DLB is the second most common type of degenerative dementia, accounting for 10% to 15% of cases. The core clinical features of DLB include fluctuating attention, recurrent visual hallucinations, and spontaneous parkinsonism, as well as cognitive impairment characterized by deficits of attention, executive functions (e.g., planning deficits), and complex visual abilities. Memory deficits are not inevitably present, particularly in the early stages. Fluctuations of cognitive function over minutes, hours, or days are a core feature and affect mainly the level of arousal.
DLB is characterized by nigrostriatal dopaminergic neurodegeneration, making dopaminergic imaging a potentially useful diagnostic tool in the differential diagnosis with AD ( Fig. 15-5 ). Low dopamine transporter uptake in the basal ganglia demonstrated by SPECT or PET has been included as a suggestive feature in the diagnostic criteria for DLB. On the contrary, its negativity does not exclude a clinical diagnosis of probable DLB; about 20% of probable DLB cases have a normal or inconclusive scan.
Numerous studies reported predominant medial occipital cortex hypoperfusion or hypometabolism in DLB patients compared with AD, with a parietotemporal reduction common to both the diseases. Occipital lobe hypometabolism differentiated patients with DLB from AD in both clinically diagnosed and autopsy confirmed cohorts.

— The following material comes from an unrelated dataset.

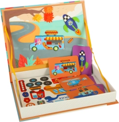 Ta magnetna sestavljanka spremeni vsako odprtje »knjige« v igrivo potovanje po svetu prometa. Dovolj je odpreti pokrov z magnetno tablico, izbrati karto z vzorcem ali vključiti domišljijo in iz barvitih magnetov sestavljati lastna vozila in scene. Otroci bodo uživali pri ustvarjanju gasilskega vozila, reševalnega vozila, avtobusa, taksija, policijskega avta, tovornjaka, ladje in rakete – ter številnih drugih kombinacij.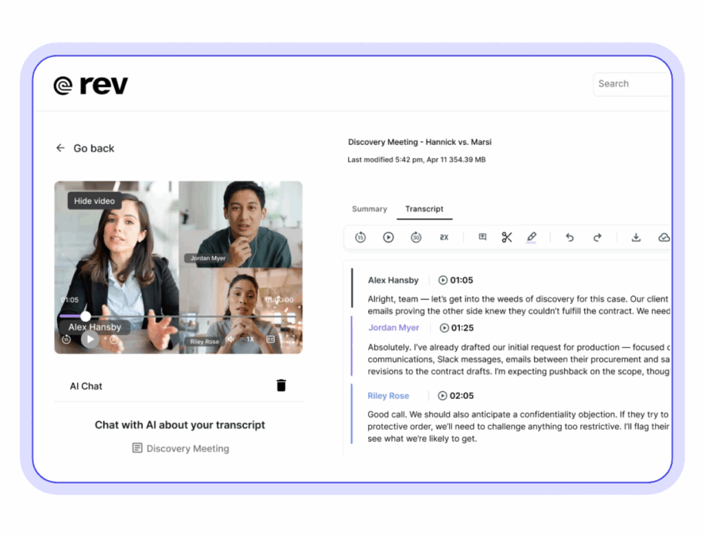Rev balances AI transcription with highly accurate human-powered services, making it one of the most recognised names in transcription. It’s especially useful for journalists, researchers, and businesses who need near-perfect accuracy, with human transcriptionists delivering up to 99%. The platform also supports captioning and subtitling for videos and includes collaborative editing tools, though some users find the AI features less polished than competitors.

No clear signature pattern of cerebral atrophy associated with DLB has been established so far. Similar to AD, a diffuse pattern of global GM atrophy including temporal, parietal, frontal, and insular cortices may occur in DLB, but at the same time a pattern of cortical GM loss restricted to frontal and parietal lobes has also been reported. On the whole, several volumetric studies have not found significant or disproportionate occipital atrophy in DLB. A relatively robust MR finding in DLB is that of a relative preservation of the MTL when compared with AD of similar clinical severity. This finding is supported by a prospective MRI study with pathologic verification that found that MTL atrophy on MRI has a robust discriminatory power for distinguishing AD from DLB (sensitivity of 91% and specificity of 94%). Thus a relative preservation of MTL structures on CT or MRI supports a diagnosis of DLB in the consensus diagnostic criteria. Subcortical structural alterations in terms of putamen atrophy have been described in some cases of DLB relative to AD, whereas no significant atrophy was detected in the caudate nucleus. A pattern of relatively focused atrophy of the midbrain, hypothalamus, and substantia innominata, with relative sparing of the hippocampus and temporoparietal cortex, has been found in DLB compared to AD cases. Whether these findings can contribute to an early diagnosis remains unknown. Furthermore a substantial overlap between DLB and AD with regard to atrophy in these regions detracts from the usefulness of these markers in individual cases.